[Collected data entries]
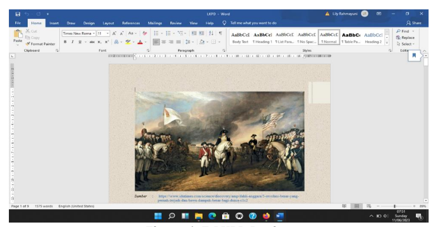
Figure 1. E-LKPD Design

The design stage is the media planning stage which includes making a website-based E-LKPD design in history subjects, namely conducting curriculum analysis, compiling a map of LKPD needs, determining LKPD titles, writing LKPD. The following is the design of the E-LKPD as follows:
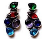
Multi Gemstone Designer Earrings
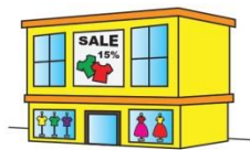
The department store
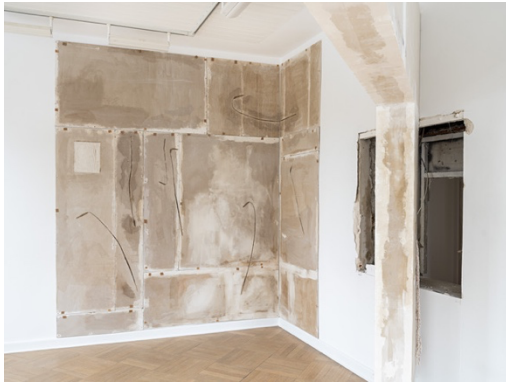
Tolia Astakhishvili, Narrow shelter , 2023 Plasterboard, plaster, instant coffee, oil, dirt, acrylic, ballpoint pen, pencil, paper, wire, string 3 m x 6,28 m x 22,5 cm The main entrance , 2022-23 Plasterboard, plaster, instant coffee, oil, machine oil, dirt, wheat stalks 3,16 m x 3,46 m x 1,2 cm Installation view, I think it's closed , Kunstverein Bielefeld 2023
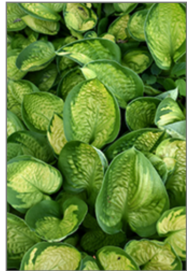
Rainforest Sunrise Hosta foliage

Rainforest Sunrise Hosta is recommended for the following landscape applications;
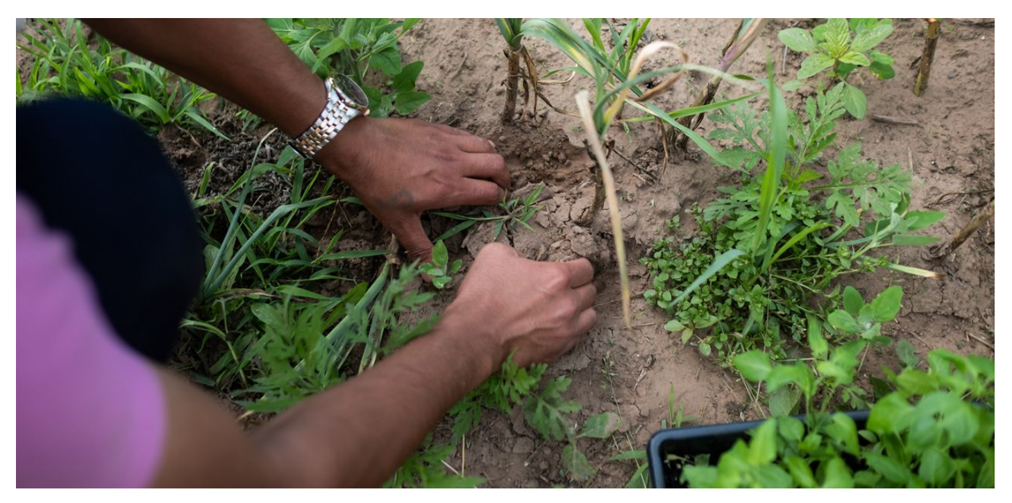
One of the farmers digs up garlic to see how much longer it needs to grow before being harvested.

Chhetri said that over the weekend, they had more than 50 refugees from across the country as well as Canada — some having just recently arrived from Ukraine — take part in workshops to show them what is possible and to encourage them find ways to do this where they are.
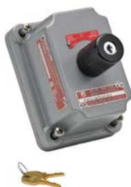
Key-Operated Selector Switch
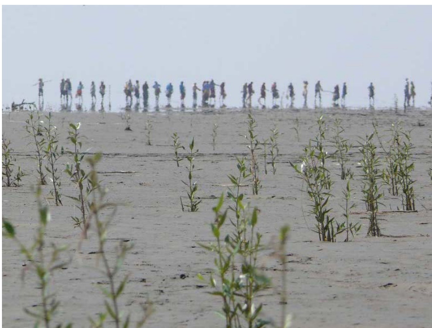
Figure 5 One-year-old seedlings of Avicennia marina .
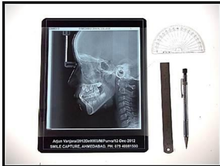
Figure 5: Tracing armamentarium with traced cephalometric radiograph
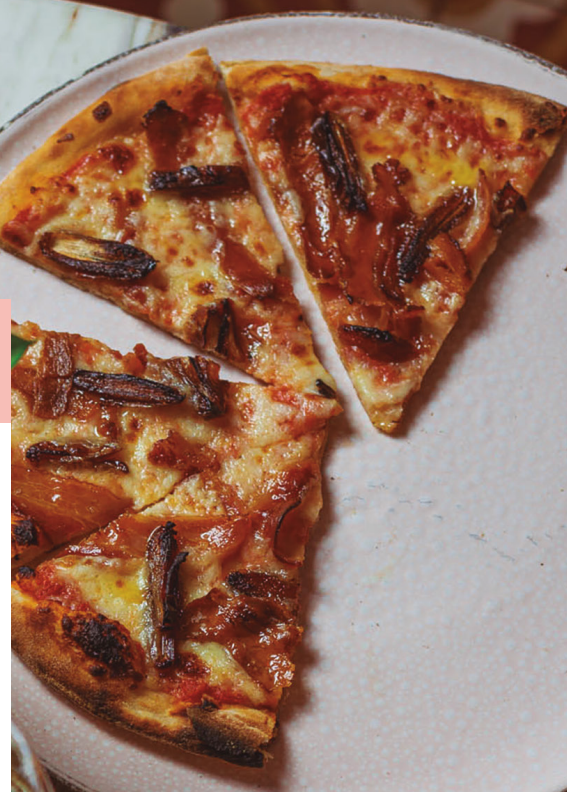
Bacon and dates

Basil, nuts, parmesan, bocconcini di Búfala, tomato confit and Serrano ham 44

* Exercise aim:
Word-for-word repeat, images excluded: return all the data.

* Problem solution:
Figure 1. E-LKPD Design

The design stage is the media planning stage which includes making a website-based E-LKPD design in history subjects, namely conducting curriculum analysis, compiling a map of LKPD needs, determining LKPD titles, writing LKPD. The following is the design of the E-LKPD as follows:
Multi Gemstone Designer Earrings
The department store
Tolia Astakhishvili, Narrow shelter , 2023 Plasterboard, plaster, instant coffee, oil, dirt, acrylic, ballpoint pen, pencil, paper, wire, string 3 m x 6,28 m x 22,5 cm The main entrance , 2022-23 Plasterboard, plaster, instant coffee, oil, machine oil, dirt, wheat stalks 3,16 m x 3,46 m x 1,2 cm Installation view, I think it's closed , Kunstverein Bielefeld 2023
Rainforest Sunrise Hosta foliage

Rainforest Sunrise Hosta is recommended for the following landscape applications;
One of the farmers digs up garlic to see how much longer it needs to grow before being harvested.

Chhetri said that over the weekend, they had more than 50 refugees from across the country as well as Canada — some having just recently arrived from Ukraine — take part in workshops to show them what is possible and to encourage them find ways to do this where they are.
Key-Operated Selector Switch
Figure 5 One-year-old seedlings of Avicennia marina .
Figure 5: Tracing armamentarium with traced cephalometric radiograph
Bacon and dates

Basil, nuts, parmesan, bocconcini di Búfala, tomato confit and Serrano ham 44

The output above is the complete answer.